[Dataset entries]

+++

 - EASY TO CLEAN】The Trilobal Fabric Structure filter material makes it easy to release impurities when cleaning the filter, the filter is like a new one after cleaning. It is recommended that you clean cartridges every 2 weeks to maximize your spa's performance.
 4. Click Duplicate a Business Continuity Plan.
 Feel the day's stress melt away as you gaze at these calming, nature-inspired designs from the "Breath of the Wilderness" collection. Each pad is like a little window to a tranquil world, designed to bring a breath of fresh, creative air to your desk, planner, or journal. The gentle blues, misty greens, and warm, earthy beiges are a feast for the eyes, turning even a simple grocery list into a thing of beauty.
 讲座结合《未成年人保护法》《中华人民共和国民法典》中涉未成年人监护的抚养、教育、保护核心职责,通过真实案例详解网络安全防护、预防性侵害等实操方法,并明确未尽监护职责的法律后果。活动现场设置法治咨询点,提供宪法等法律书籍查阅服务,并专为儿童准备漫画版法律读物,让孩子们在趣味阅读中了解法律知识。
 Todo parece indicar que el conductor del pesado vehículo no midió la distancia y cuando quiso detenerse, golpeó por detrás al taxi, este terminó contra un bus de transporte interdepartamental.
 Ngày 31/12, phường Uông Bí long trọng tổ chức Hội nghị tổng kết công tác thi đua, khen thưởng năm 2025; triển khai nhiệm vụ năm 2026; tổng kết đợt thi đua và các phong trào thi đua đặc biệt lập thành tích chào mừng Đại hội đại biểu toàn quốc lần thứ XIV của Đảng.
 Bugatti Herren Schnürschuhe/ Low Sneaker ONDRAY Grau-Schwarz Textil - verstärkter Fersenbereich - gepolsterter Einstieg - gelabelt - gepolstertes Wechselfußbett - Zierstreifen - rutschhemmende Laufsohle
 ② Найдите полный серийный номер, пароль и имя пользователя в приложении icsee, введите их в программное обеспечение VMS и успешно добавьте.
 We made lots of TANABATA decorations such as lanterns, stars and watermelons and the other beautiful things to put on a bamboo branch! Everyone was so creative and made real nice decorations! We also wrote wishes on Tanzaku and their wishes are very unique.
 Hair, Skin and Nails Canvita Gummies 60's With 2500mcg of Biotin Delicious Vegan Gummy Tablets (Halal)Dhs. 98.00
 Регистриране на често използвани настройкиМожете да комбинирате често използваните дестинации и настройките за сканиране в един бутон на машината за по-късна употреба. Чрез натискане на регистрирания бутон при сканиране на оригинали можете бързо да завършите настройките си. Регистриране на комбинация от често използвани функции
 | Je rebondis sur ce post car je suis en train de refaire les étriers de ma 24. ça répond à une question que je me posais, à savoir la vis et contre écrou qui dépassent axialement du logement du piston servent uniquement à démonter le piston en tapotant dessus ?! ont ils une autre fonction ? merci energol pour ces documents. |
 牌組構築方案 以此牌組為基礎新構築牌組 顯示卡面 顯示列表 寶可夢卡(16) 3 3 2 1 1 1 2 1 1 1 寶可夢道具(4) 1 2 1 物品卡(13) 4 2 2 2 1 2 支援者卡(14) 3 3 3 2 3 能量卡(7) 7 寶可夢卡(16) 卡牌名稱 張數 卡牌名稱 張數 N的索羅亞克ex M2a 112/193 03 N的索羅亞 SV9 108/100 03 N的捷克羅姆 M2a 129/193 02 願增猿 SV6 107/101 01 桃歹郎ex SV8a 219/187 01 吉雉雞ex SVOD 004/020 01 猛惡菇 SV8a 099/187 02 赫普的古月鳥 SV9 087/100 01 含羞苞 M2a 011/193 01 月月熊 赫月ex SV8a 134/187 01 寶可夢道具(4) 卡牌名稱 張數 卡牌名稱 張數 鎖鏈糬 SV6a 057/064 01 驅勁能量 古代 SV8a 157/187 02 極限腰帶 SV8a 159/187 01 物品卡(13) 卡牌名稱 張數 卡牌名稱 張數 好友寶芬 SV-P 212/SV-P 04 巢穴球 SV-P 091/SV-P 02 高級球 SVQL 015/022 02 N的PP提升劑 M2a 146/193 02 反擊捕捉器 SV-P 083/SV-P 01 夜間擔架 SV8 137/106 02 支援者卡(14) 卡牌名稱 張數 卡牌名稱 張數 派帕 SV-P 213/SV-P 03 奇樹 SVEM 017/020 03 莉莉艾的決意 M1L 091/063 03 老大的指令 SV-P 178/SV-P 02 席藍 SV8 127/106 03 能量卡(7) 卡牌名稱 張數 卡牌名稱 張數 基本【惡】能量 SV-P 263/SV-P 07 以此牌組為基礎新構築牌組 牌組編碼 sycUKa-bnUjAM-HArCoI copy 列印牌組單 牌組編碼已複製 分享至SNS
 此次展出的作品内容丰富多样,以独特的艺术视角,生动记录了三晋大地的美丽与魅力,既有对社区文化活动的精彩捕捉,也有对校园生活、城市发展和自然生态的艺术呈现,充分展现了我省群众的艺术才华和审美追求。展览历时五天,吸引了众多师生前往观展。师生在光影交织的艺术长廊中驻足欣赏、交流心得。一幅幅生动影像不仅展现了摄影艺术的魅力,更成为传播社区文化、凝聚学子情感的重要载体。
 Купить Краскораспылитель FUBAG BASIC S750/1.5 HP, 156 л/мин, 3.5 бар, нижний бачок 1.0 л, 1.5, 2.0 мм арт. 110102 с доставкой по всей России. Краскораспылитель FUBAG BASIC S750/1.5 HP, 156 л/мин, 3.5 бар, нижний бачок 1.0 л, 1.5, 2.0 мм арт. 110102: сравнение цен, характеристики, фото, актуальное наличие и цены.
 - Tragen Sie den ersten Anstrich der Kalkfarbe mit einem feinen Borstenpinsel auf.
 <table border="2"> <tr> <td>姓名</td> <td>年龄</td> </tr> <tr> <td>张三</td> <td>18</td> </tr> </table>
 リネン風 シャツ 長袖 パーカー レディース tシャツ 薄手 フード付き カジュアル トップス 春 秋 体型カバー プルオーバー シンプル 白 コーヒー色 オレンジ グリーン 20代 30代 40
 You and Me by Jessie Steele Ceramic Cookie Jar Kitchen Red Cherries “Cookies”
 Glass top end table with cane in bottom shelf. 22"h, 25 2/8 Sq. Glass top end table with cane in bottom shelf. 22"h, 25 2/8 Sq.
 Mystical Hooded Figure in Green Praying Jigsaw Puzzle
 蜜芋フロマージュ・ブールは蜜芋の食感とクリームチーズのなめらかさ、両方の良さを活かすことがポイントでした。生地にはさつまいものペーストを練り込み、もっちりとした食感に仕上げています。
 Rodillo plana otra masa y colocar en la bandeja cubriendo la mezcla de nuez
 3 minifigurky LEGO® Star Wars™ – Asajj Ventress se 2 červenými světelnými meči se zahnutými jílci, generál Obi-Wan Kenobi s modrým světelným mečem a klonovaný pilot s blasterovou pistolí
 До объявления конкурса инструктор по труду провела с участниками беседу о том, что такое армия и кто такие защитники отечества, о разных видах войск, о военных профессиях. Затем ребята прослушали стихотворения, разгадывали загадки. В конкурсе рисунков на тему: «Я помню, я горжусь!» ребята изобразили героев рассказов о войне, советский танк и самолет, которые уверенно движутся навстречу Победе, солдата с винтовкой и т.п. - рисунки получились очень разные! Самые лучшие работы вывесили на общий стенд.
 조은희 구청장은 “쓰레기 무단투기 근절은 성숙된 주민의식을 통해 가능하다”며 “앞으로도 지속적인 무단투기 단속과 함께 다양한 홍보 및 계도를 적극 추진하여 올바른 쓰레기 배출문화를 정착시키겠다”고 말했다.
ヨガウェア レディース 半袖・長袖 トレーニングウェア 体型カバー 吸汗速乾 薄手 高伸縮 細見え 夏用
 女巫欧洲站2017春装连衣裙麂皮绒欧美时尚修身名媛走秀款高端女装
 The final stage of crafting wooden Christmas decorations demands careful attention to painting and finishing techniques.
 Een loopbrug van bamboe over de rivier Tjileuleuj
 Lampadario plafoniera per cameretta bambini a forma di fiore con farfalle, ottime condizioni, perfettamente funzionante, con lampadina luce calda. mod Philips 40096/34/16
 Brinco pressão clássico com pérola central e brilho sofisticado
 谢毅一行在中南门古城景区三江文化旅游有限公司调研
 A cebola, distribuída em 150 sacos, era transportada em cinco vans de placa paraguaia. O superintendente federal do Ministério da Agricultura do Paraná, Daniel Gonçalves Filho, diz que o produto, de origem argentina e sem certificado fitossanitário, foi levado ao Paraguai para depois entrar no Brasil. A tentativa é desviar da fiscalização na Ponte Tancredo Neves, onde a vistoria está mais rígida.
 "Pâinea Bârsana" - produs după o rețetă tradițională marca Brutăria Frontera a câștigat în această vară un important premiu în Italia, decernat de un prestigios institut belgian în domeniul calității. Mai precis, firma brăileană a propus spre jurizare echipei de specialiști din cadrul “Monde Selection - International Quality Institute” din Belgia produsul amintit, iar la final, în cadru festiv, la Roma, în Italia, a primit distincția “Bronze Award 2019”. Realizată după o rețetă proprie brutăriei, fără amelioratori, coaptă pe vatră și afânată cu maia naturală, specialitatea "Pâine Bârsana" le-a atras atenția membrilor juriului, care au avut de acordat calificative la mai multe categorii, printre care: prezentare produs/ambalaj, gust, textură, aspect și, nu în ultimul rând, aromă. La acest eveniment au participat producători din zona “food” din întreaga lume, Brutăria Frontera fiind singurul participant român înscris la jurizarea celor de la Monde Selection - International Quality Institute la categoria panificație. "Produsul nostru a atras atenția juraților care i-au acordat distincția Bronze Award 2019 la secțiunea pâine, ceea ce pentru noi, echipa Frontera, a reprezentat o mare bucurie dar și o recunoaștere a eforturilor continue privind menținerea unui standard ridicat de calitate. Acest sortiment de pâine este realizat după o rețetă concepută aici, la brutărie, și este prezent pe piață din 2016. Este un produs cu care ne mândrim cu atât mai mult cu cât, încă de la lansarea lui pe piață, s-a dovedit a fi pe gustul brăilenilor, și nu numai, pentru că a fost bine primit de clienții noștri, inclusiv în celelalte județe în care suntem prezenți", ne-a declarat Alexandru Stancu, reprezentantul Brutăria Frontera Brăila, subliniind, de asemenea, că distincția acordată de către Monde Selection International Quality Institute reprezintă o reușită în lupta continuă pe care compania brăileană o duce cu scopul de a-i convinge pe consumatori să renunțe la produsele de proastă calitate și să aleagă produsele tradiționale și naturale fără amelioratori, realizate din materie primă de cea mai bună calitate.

+++

What you will do:
All that is wanted is the stretch of lines above from the one containing "Rodillo plana otra" through the one containing "До объявления конкурса", duplicated exactly.

Answer area:
 Rodillo plana otra masa y colocar en la bandeja cubriendo la mezcla de nuez
 3 minifigurky LEGO® Star Wars™ – Asajj Ventress se 2 červenými světelnými meči se zahnutými jílci, generál Obi-Wan Kenobi s modrým světelným mečem a klonovaný pilot s blasterovou pistolí
 До объявления конкурса инструктор по труду провела с участниками беседу о том, что такое армия и кто такие защитники отечества, о разных видах войск, о военных профессиях. Затем ребята прослушали стихотворения, разгадывали загадки. В конкурсе рисунков на тему: «Я помню, я горжусь!» ребята изобразили героев рассказов о войне, советский танк и самолет, которые уверенно движутся навстречу Победе, солдата с винтовкой и т.п. - рисунки получились очень разные! Самые лучшие работы вывесили на общий стенд.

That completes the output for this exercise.